↓↓↓

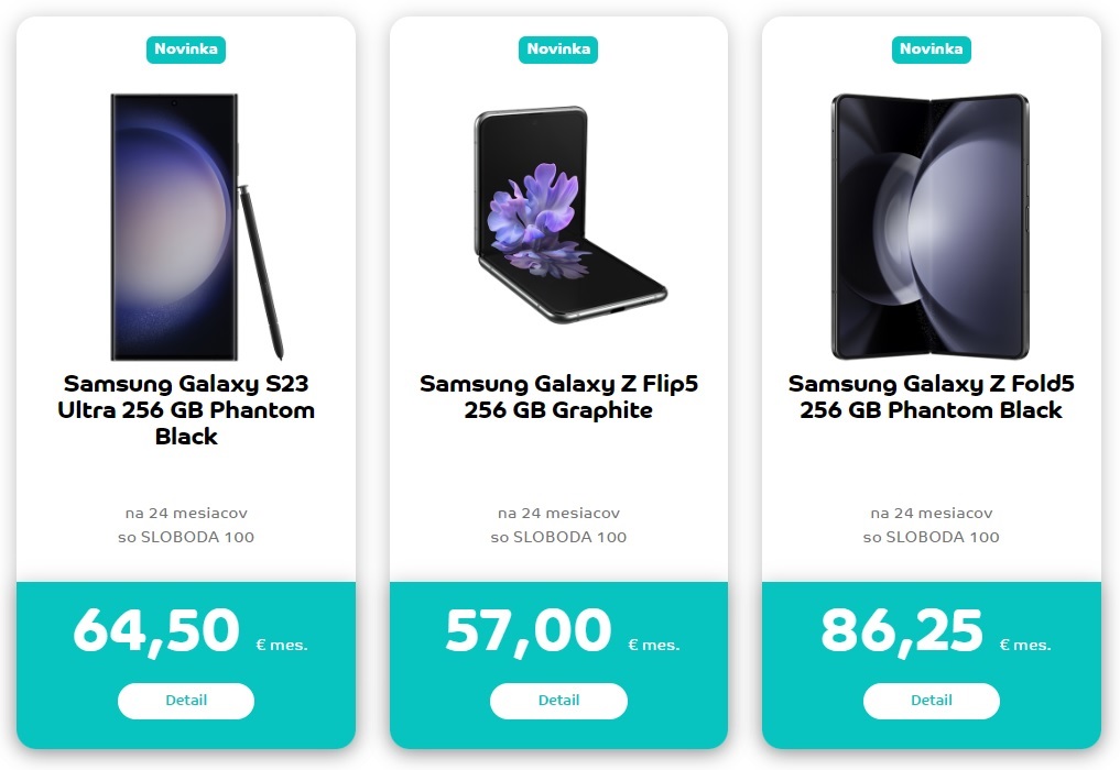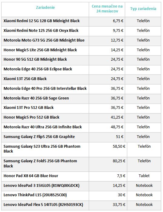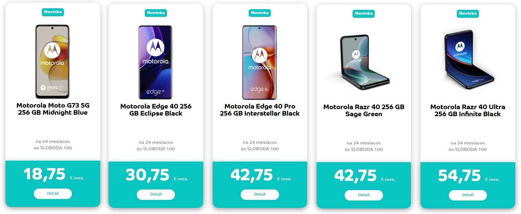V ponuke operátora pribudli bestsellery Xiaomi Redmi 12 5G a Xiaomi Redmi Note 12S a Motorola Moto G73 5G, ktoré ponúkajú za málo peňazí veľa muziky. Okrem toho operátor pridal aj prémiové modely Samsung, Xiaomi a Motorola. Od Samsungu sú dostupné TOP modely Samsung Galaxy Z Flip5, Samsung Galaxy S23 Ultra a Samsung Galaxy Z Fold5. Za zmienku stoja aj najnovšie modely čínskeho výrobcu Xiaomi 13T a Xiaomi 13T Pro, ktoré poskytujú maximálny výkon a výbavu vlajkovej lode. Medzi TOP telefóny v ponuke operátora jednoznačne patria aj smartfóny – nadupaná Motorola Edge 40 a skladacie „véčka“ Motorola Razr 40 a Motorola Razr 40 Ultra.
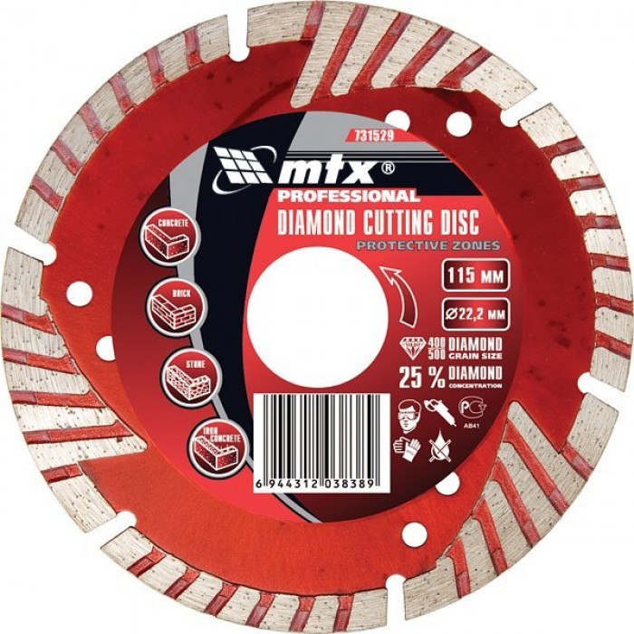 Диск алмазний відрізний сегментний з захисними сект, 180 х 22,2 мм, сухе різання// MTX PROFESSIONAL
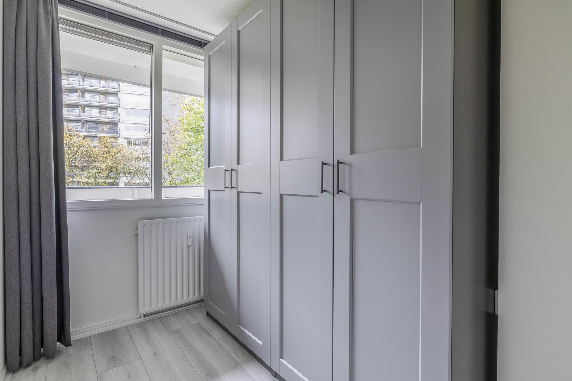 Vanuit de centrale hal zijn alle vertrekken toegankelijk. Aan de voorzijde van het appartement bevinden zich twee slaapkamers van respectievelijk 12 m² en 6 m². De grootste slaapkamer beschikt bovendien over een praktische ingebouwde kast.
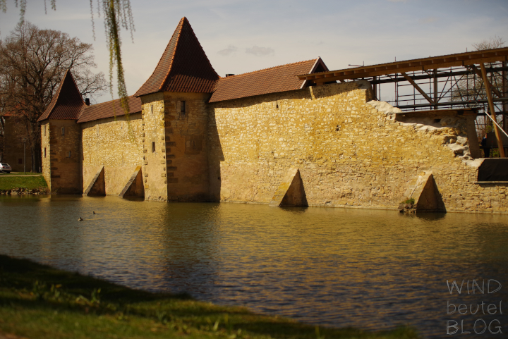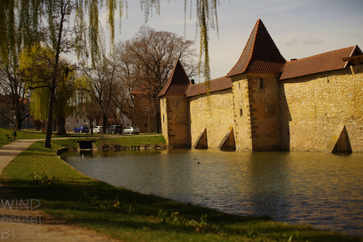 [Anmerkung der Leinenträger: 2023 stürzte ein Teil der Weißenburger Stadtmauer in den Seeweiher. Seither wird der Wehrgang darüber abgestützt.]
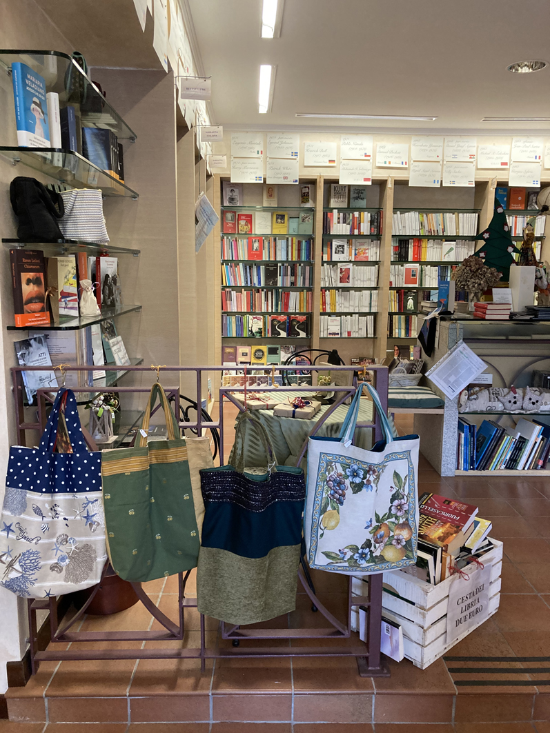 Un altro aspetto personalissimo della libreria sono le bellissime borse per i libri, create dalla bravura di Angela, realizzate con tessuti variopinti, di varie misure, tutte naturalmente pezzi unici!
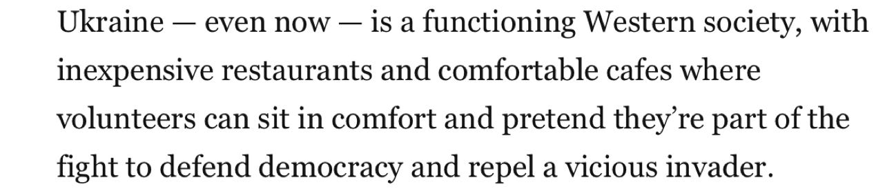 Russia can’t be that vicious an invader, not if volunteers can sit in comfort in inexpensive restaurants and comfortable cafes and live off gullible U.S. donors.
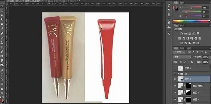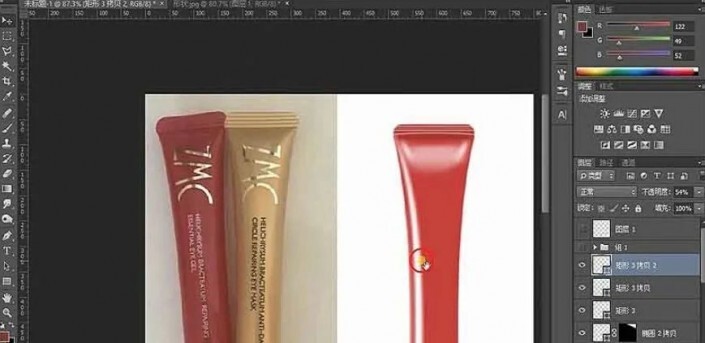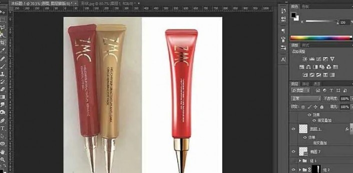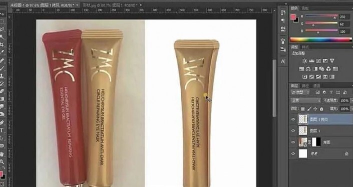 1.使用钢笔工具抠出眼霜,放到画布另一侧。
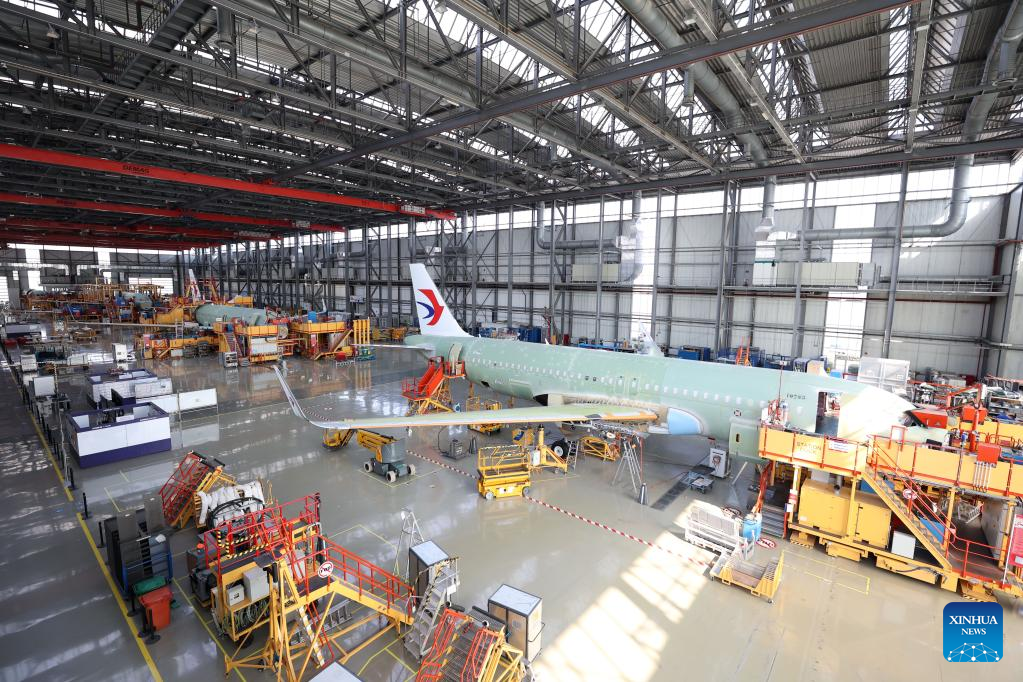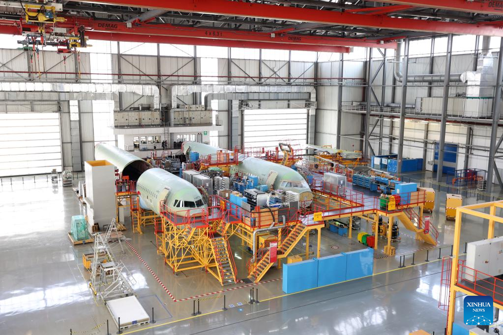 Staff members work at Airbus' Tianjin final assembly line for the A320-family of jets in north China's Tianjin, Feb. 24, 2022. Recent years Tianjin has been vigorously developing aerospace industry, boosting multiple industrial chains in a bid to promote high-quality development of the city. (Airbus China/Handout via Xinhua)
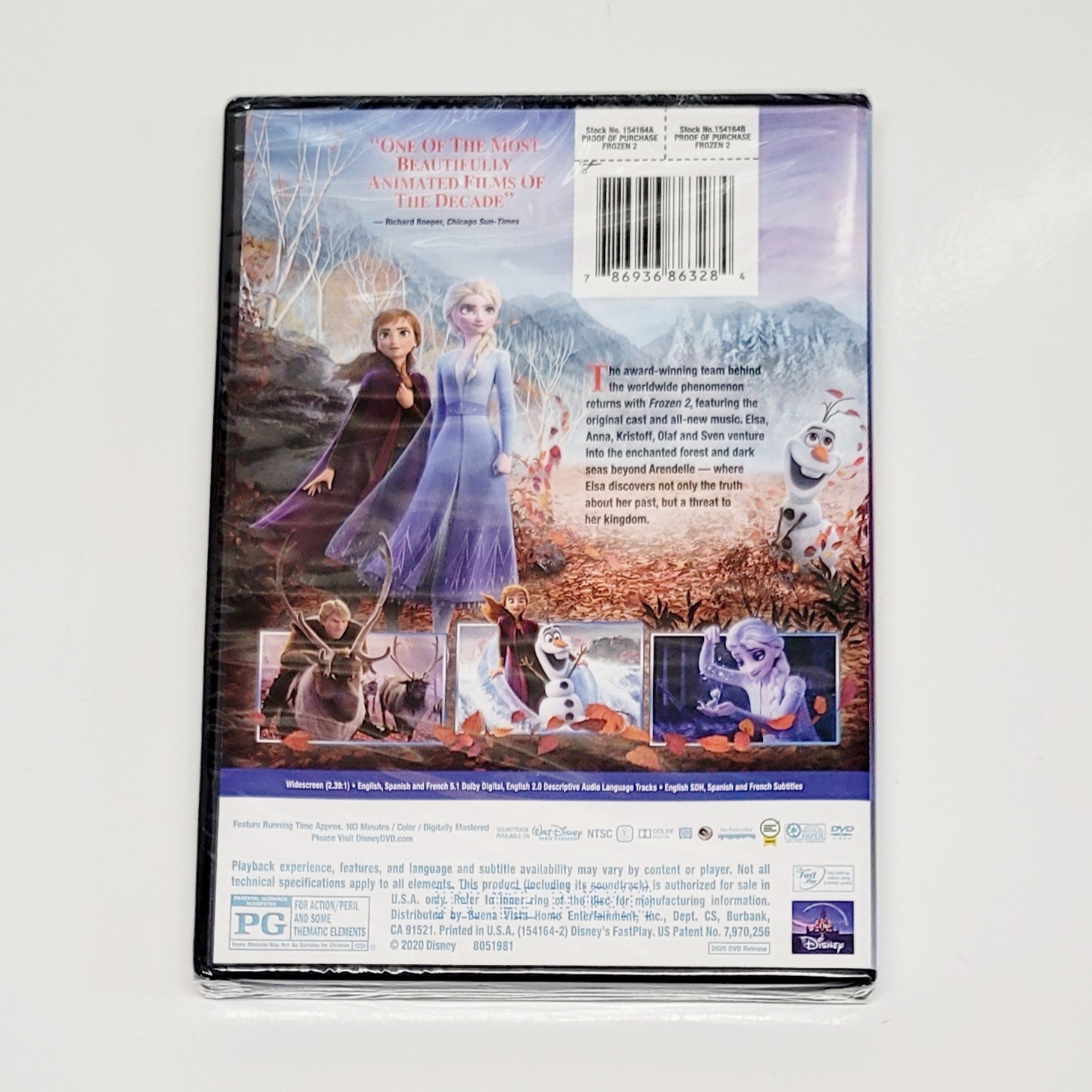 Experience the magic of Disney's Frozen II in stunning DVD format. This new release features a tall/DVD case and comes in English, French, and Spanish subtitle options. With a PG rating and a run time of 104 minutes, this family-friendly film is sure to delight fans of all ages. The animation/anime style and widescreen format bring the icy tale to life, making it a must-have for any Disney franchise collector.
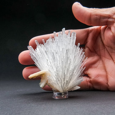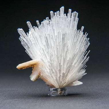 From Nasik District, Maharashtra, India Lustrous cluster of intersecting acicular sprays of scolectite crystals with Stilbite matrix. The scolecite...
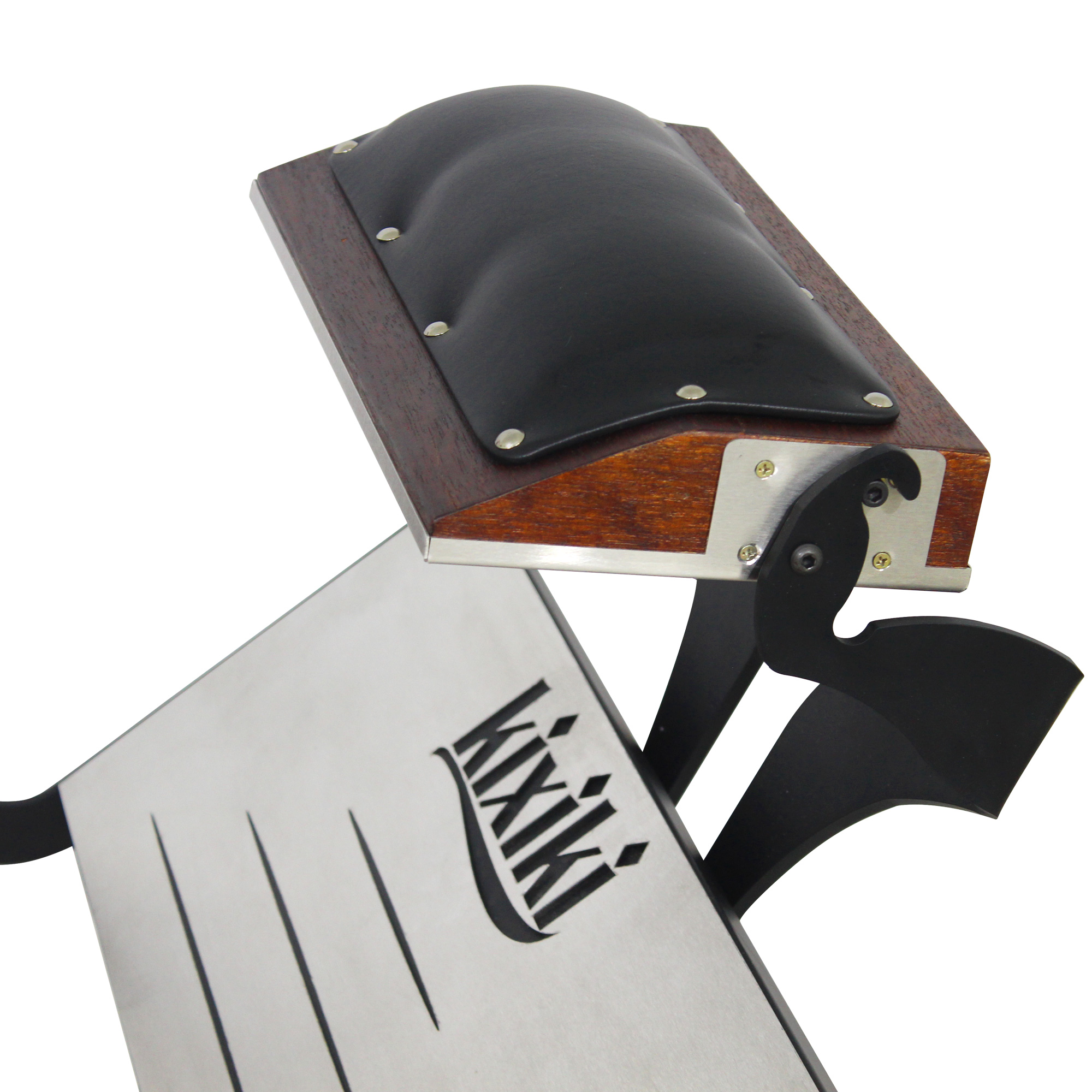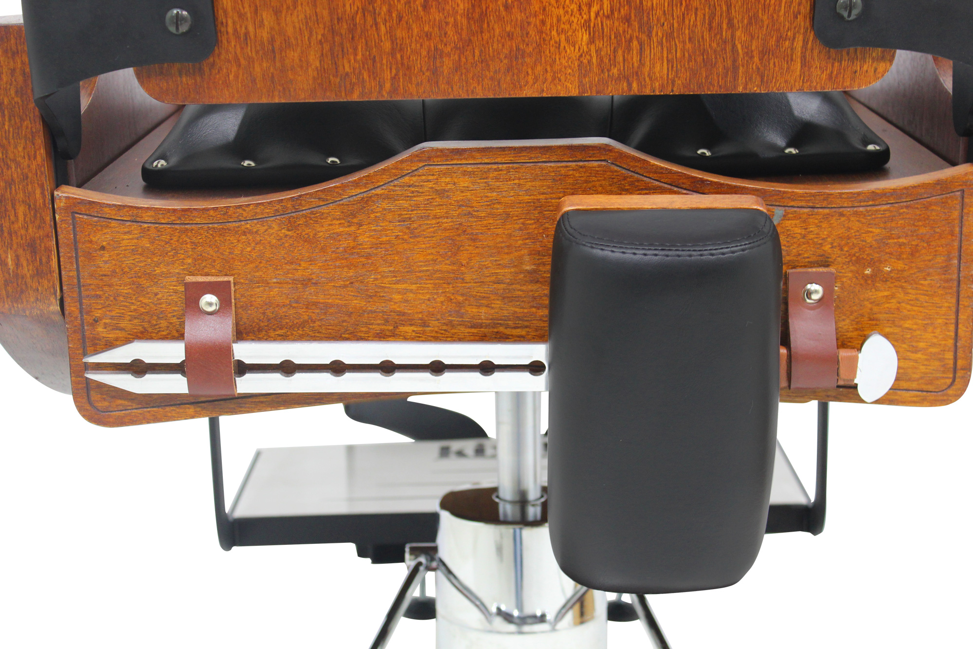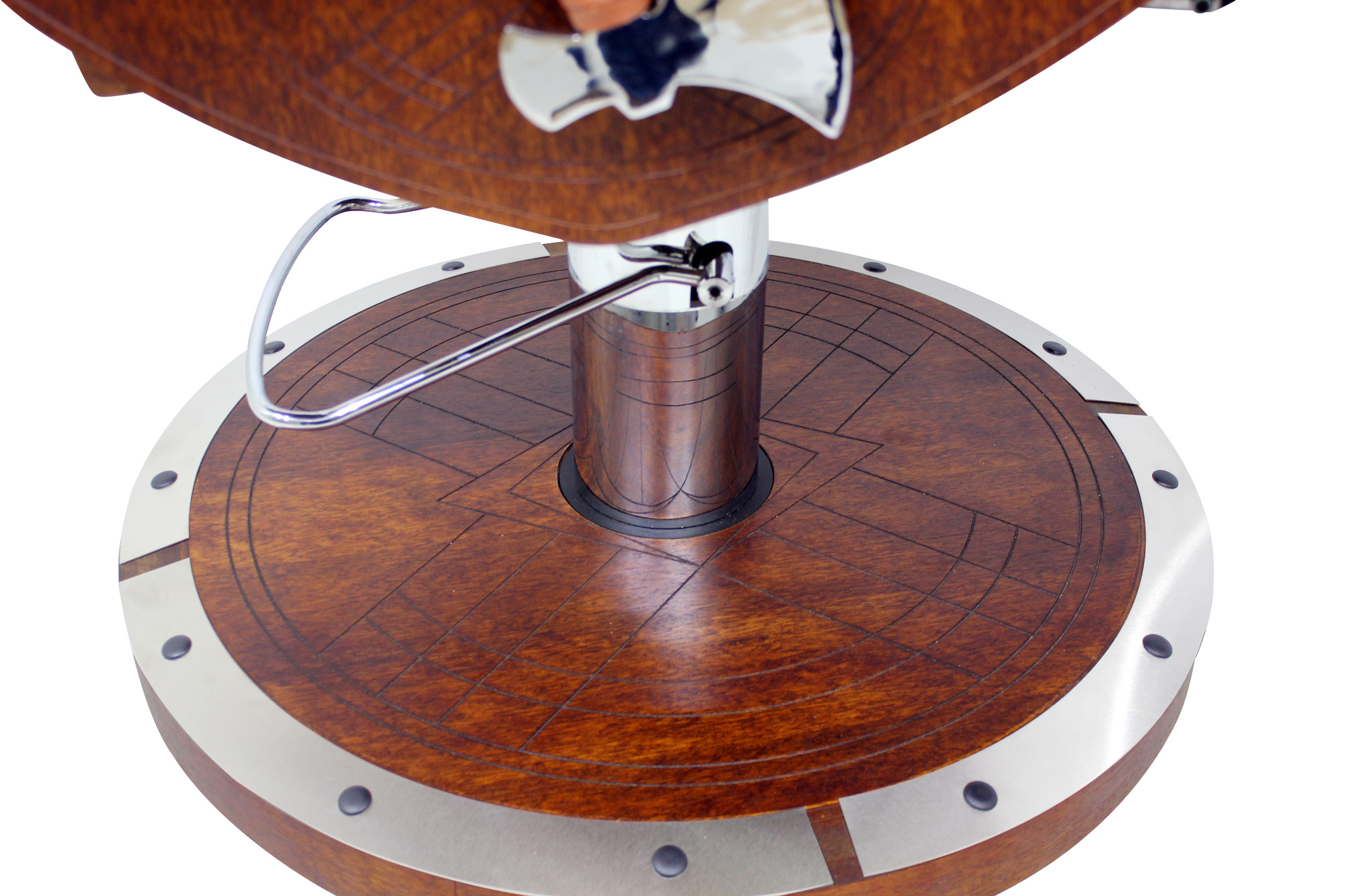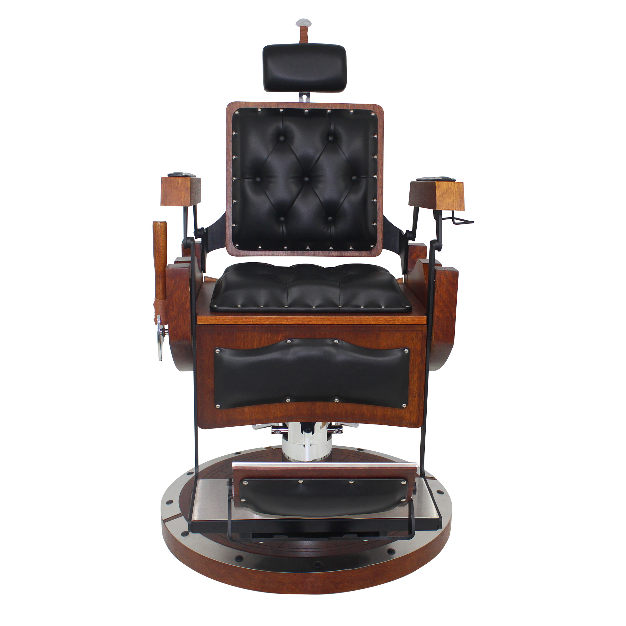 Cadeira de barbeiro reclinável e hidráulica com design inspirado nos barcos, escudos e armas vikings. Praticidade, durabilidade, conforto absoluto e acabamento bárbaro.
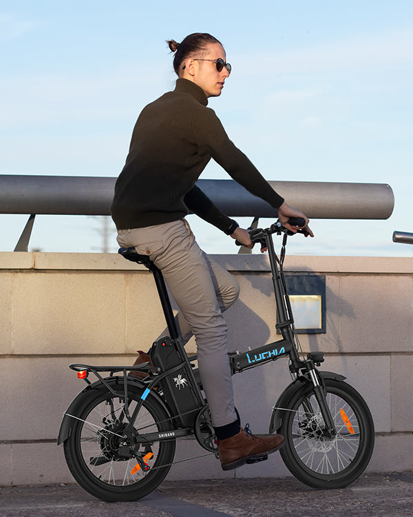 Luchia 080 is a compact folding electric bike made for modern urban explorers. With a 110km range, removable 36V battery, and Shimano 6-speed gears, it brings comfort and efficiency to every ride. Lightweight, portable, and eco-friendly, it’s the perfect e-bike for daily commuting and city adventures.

↑↑↑

Task
What you return should be only the exact lines from the top of the entries through the line with "1.使用钢笔工具抠出眼霜,放到画布另一侧。", minus the pictures.

Task answer
V ponuke operátora pribudli bestsellery Xiaomi Redmi 12 5G a Xiaomi Redmi Note 12S a Motorola Moto G73 5G, ktoré ponúkajú za málo peňazí veľa muziky. Okrem toho operátor pridal aj prémiové modely Samsung, Xiaomi a Motorola. Od Samsungu sú dostupné TOP modely Samsung Galaxy Z Flip5, Samsung Galaxy S23 Ultra a Samsung Galaxy Z Fold5. Za zmienku stoja aj najnovšie modely čínskeho výrobcu Xiaomi 13T a Xiaomi 13T Pro, ktoré poskytujú maximálny výkon a výbavu vlajkovej lode. Medzi TOP telefóny v ponuke operátora jednoznačne patria aj smartfóny – nadupaná Motorola Edge 40 a skladacie „véčka“ Motorola Razr 40 a Motorola Razr 40 Ultra.
 Диск алмазний відрізний сегментний з захисними сект, 180 х 22,2 мм, сухе різання// MTX PROFESSIONAL
 Vanuit de centrale hal zijn alle vertrekken toegankelijk. Aan de voorzijde van het appartement bevinden zich twee slaapkamers van respectievelijk 12 m² en 6 m². De grootste slaapkamer beschikt bovendien over een praktische ingebouwde kast.
 [Anmerkung der Leinenträger: 2023 stürzte ein Teil der Weißenburger Stadtmauer in den Seeweiher. Seither wird der Wehrgang darüber abgestützt.]
 Un altro aspetto personalissimo della libreria sono le bellissime borse per i libri, create dalla bravura di Angela, realizzate con tessuti variopinti, di varie misure, tutte naturalmente pezzi unici!
 Russia can’t be that vicious an invader, not if volunteers can sit in comfort in inexpensive restaurants and comfortable cafes and live off gullible U.S. donors.
 1.使用钢笔工具抠出眼霜,放到画布另一侧。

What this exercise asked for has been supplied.